§ **Exercise**:
A word-for-word copy of the data, pictures excluded, is what this task asks for.

§ **Dataset excerpt**:
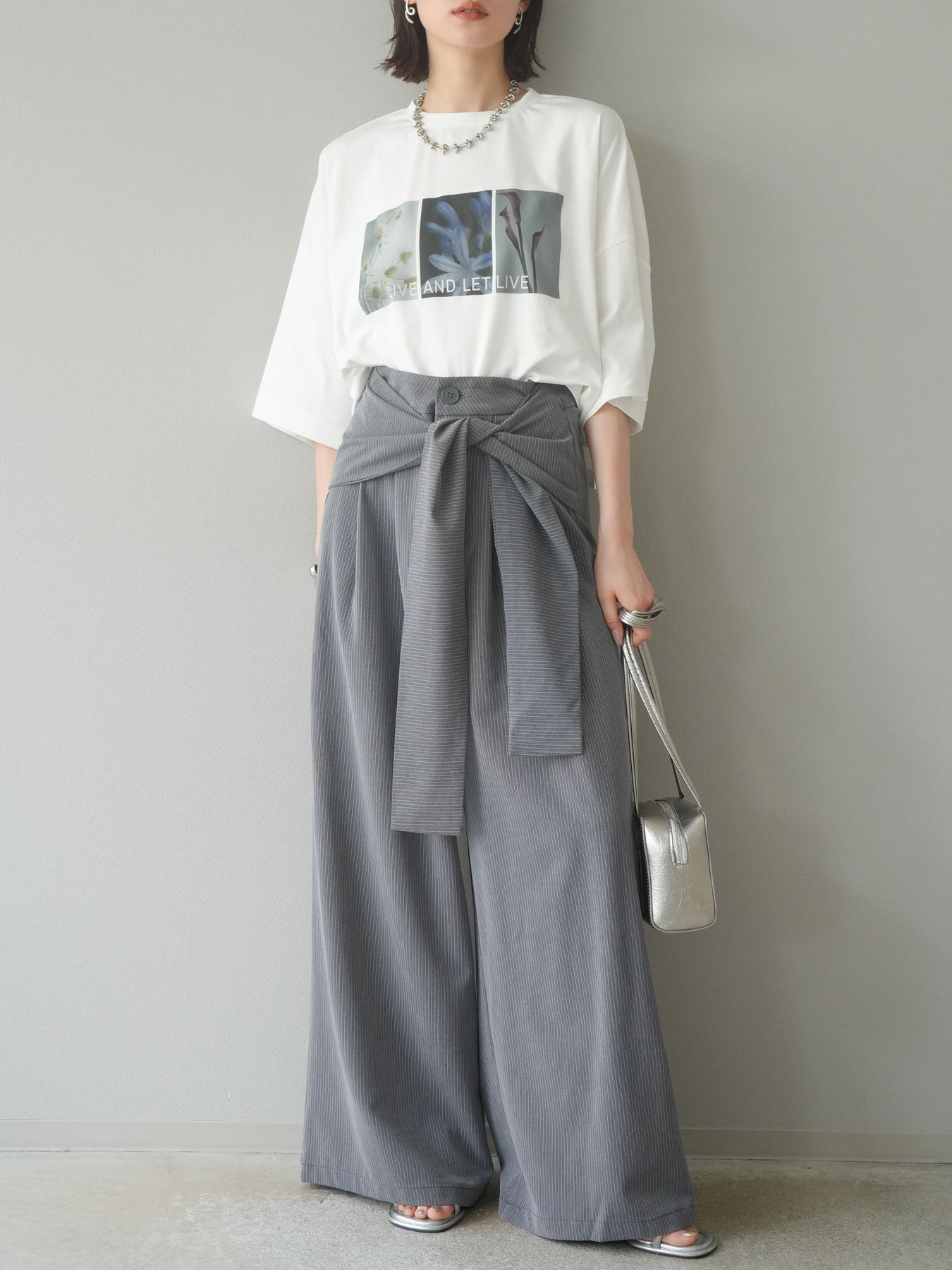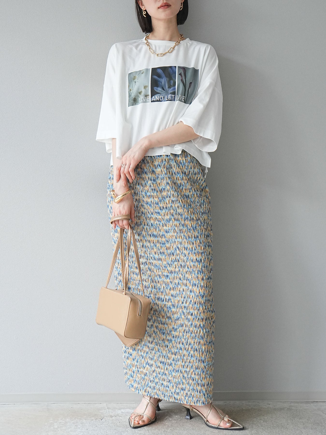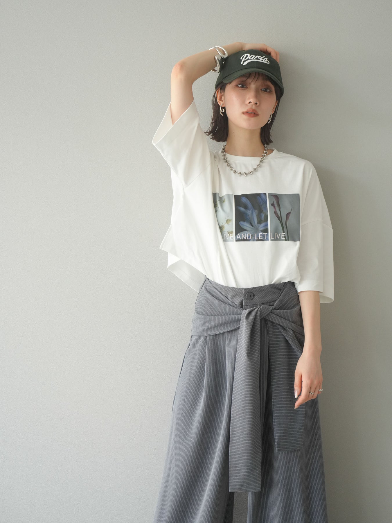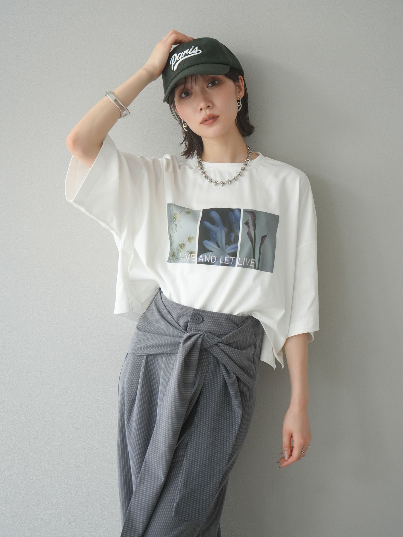 這款帶有標誌的短款T卹採用柔軟順滑的面料製成,印有精緻的花卉圖案。略帶光澤的布料賦予其優雅的氣質,卻又不失休閒感,正面的藝術照片和「LIVE AND LET LIVE」標誌更是點睛之筆。略寬的版型和較短的長度與下裝相得益彰。它易於搭配裙子和褲子,即使不塞進褲腰也能保持勻稱的輪廓。這是一款設計感十足的T卹,日常穿著方便,單穿也同樣出色。 ※除下裝、吊帶背心(內衣)以外的商品均不含內衣。
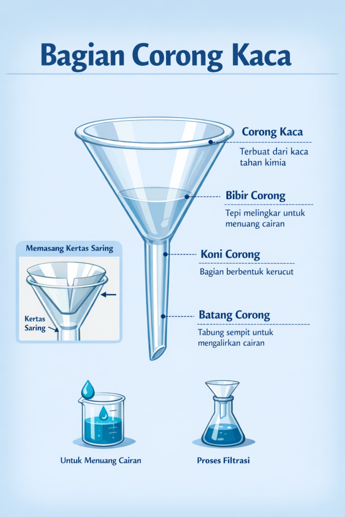 Berikut bagian-bagian corong kaca beserta penjelasannya secara jelas dan mudah dipahami ๐
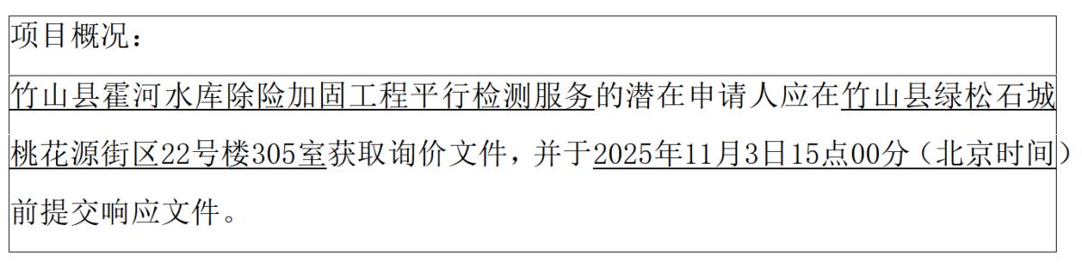 2. 项目名称:竹山县霍河水库除险加固工程平行检测服务
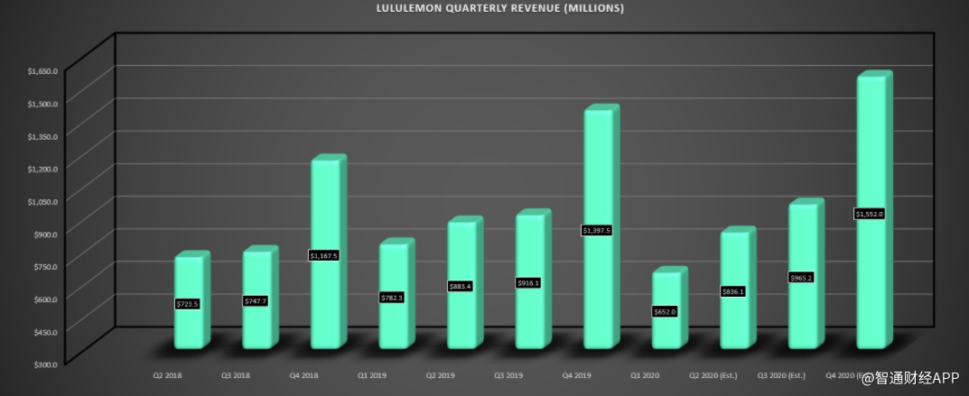 季度末,Lululemon将以5亿美元收购Mirror,这是它第一次真正进军家庭健身市场。如果消费者更喜欢瑜伽和有氧运动,而不是PTON提供的动感单车课程,该产品为他们提供了一种在家进行互动锻炼的方式。然而,Mirror的前期售价高达1500美元。虽然投资者通常对1500美元的标价和39美元/月的经常性成本持怀疑态度,但Lululemon目前的产品已经迎合了高端消费者的需求,所以它有可能通过这一新产品加速增长。如果成功的通过Mirror提高了基础收入,这对Lululemon来说将是一件成功的交易,因为没有什么比经常性收入更好的了。即使未来没有增长,根据目前的估计,这笔交易也有望为Lululemon增加1亿美元的年收入。

§ **Result of the exercise**:
 這款帶有標誌的短款T卹採用柔軟順滑的面料製成,印有精緻的花卉圖案。略帶光澤的布料賦予其優雅的氣質,卻又不失休閒感,正面的藝術照片和「LIVE AND LET LIVE」標誌更是點睛之筆。略寬的版型和較短的長度與下裝相得益彰。它易於搭配裙子和褲子,即使不塞進褲腰也能保持勻稱的輪廓。這是一款設計感十足的T卹,日常穿著方便,單穿也同樣出色。 ※除下裝、吊帶背心(內衣)以外的商品均不含內衣。
 Berikut bagian-bagian corong kaca beserta penjelasannya secara jelas dan mudah dipahami ๐
 2. 项目名称:竹山县霍河水库除险加固工程平行检测服务
 季度末,Lululemon将以5亿美元收购Mirror,这是它第一次真正进军家庭健身市场。如果消费者更喜欢瑜伽和有氧运动,而不是PTON提供的动感单车课程,该产品为他们提供了一种在家进行互动锻炼的方式。然而,Mirror的前期售价高达1500美元。虽然投资者通常对1500美元的标价和39美元/月的经常性成本持怀疑态度,但Lululemon目前的产品已经迎合了高端消费者的需求,所以它有可能通过这一新产品加速增长。如果成功的通过Mirror提高了基础收入,这对Lululemon来说将是一件成功的交易,因为没有什么比经常性收入更好的了。即使未来没有增长,根据目前的估计,这笔交易也有望为Lululemon增加1亿美元的年收入。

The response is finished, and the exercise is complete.